Is there something that is killing you emotionally?
Are you feeling like you are dying a slow death?
May be you are stressed out due to many issues or a loved one who is sick and the only time you feel better is when you go to sleep, provided you get the sleep right.
I am sure you must have only heard of physical pain and all possible solutions to alleviate the physical pain. And the best part is that you can see physical pain healing or worsening!
But the emotional one, it's an arduous job to cure, to find the sources or the so-called origin. This makes it prolonged and the cure of the suffering takes a longer gestation period.
Like physical pain, emotional pain also demands a cure.
Did you ever think of the options to come out of the clutches of the emotional pain or trauma?
It's very much possible to eliminate this type of pain, if not eliminate at least lessen the same.
We need to strategize the whole thing i.e finding the source of the pain and earn some badly needed relief at the end of the day.
Identifying your emotional pain
This is the most important segment of the strategy we are about to discuss. Just follow these steps meticulously -
- MAKE A LIST - You must list everything that is making you feel anxious, angry, nervous, stressed, overwhelmed etc. Mostly this list is going to be private because most of us hold back our emotions. It could be that in the case of ladies they might not hesitate to share, whereas the males would prefer being tight-lipped! They hate sharing their deeper emotions! To all the male readers, please shed your inhibitions and come forward to share what is troubling you.
- FEEL YOUR EMOTIONS- I would recommend reading the list frequently and paying attention to your feeling as you read them. Carefully consider which of them could be the source of dominant emotional pain making your life painful. Also, pay attention to those sources that are no longer painful.
- KEEP REFRESHING THE LIST- Always carry a paper or make notings in the notepad when you notice another source of pain and add it to the list. What I mean is, you should keep updating your list regularly.
Now, since you have the list of sources that are suffocating you and dragging you down. Let's talk about the ways to start making changes when the emotional pain has bogged you down.
Here are some more things that you must remember-
- Only you have got the full authority over your thoughts.
- You can change the way you react to circumstances.
- Begin thinking that it might be possible to make a very small change.
- Small changes lead to more small changes and this will multiply.
- If you are willing to make even the smallest change you will begin to reclaim your power.
If you are experiencing pain that stops you from making your life better, adopting these ideas is a must and critical too.
Removing emotional pain
Having identified the sources, now it's time to "nip in the bud". In fact, this maxim doesn't fit in here because your problems are already sizeable now. What I meant by quoting this here is that don't let the problem grow from this point onwards. The POINT is- the day you identify the source(s). Follow these points for the pain removal process-
- Refer to your list from "identifying your pain strategy" above and find the strongest source of dominant pain in the list.
- Write the dominant pain source on a piece of paper and spend a few minutes writing down how you would feel if the pain was completely manageable or eliminated from your life.
- Do five minutes of brainstorming to reduce or completely remove that cause of pain from your life.
- Pick three actions from the brainstorming list and complete actions over the next 7 days.
- Once you have completed three actions, choose three more actions from the brainstorming list.
The process may not remove all sources of mental and emotional pain, but it would help with some. In some cases, you may need the help of friends or relatives for some of your actions.

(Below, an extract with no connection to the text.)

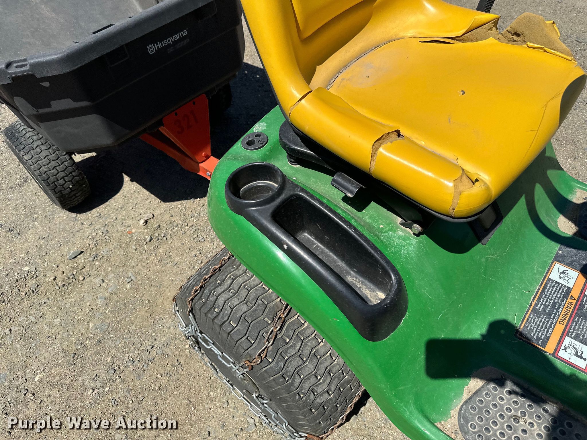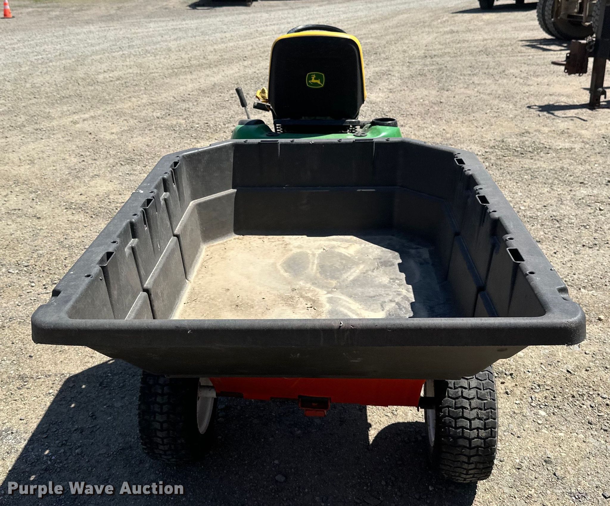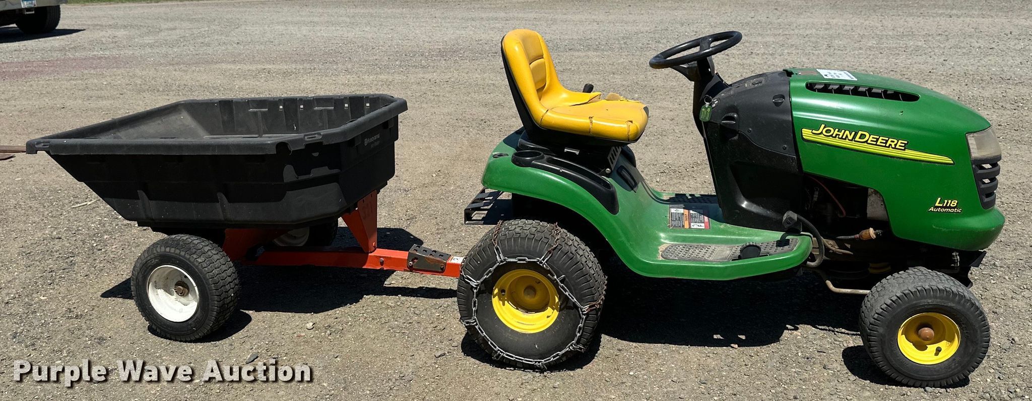 John Deere L118 lawn mower. Hours: 932 on meter. Engine Briggs and Stratton Twin V, Cylinders: 2, Fuel type: Diesel, HP: 22. Transmission Hydrostatic. Features Husqvarna lawn cart, Approximate dimensions: 3' x 4'. Tires Front: 15x6.00-6, Rear: 20x10.00-8, Cart tires: 16x6.5-8. Christensen Family Farms. Sleepy Eye, MN 56085

One of the research papers indicated that the sufferer opted for self-harm as one of the ways of obtaining emotional relief. This offers them an escape route from unwanted emotions, thoughts, and distressing situations.
Moving forward and feeling better
Different behavior always leads to different results. And taking action instead of giving up starts reshaping circumstances in your life. When you begin to remove or greatly reduce sources of emotional pain in your life, you may feel a sense of relief and empowerment that you haven't felt for a long time.
You may feel less confused or overwhelmed. Your original level of enthusiasm and motivation will begin to get restored.
But remember, your positive and affirmative thoughts will help you on all levels and will support you so that you can start feeling better & begin to reclaim your personal power by taking control of your life.
No matter how smaller the steps you take, you're still moving forward!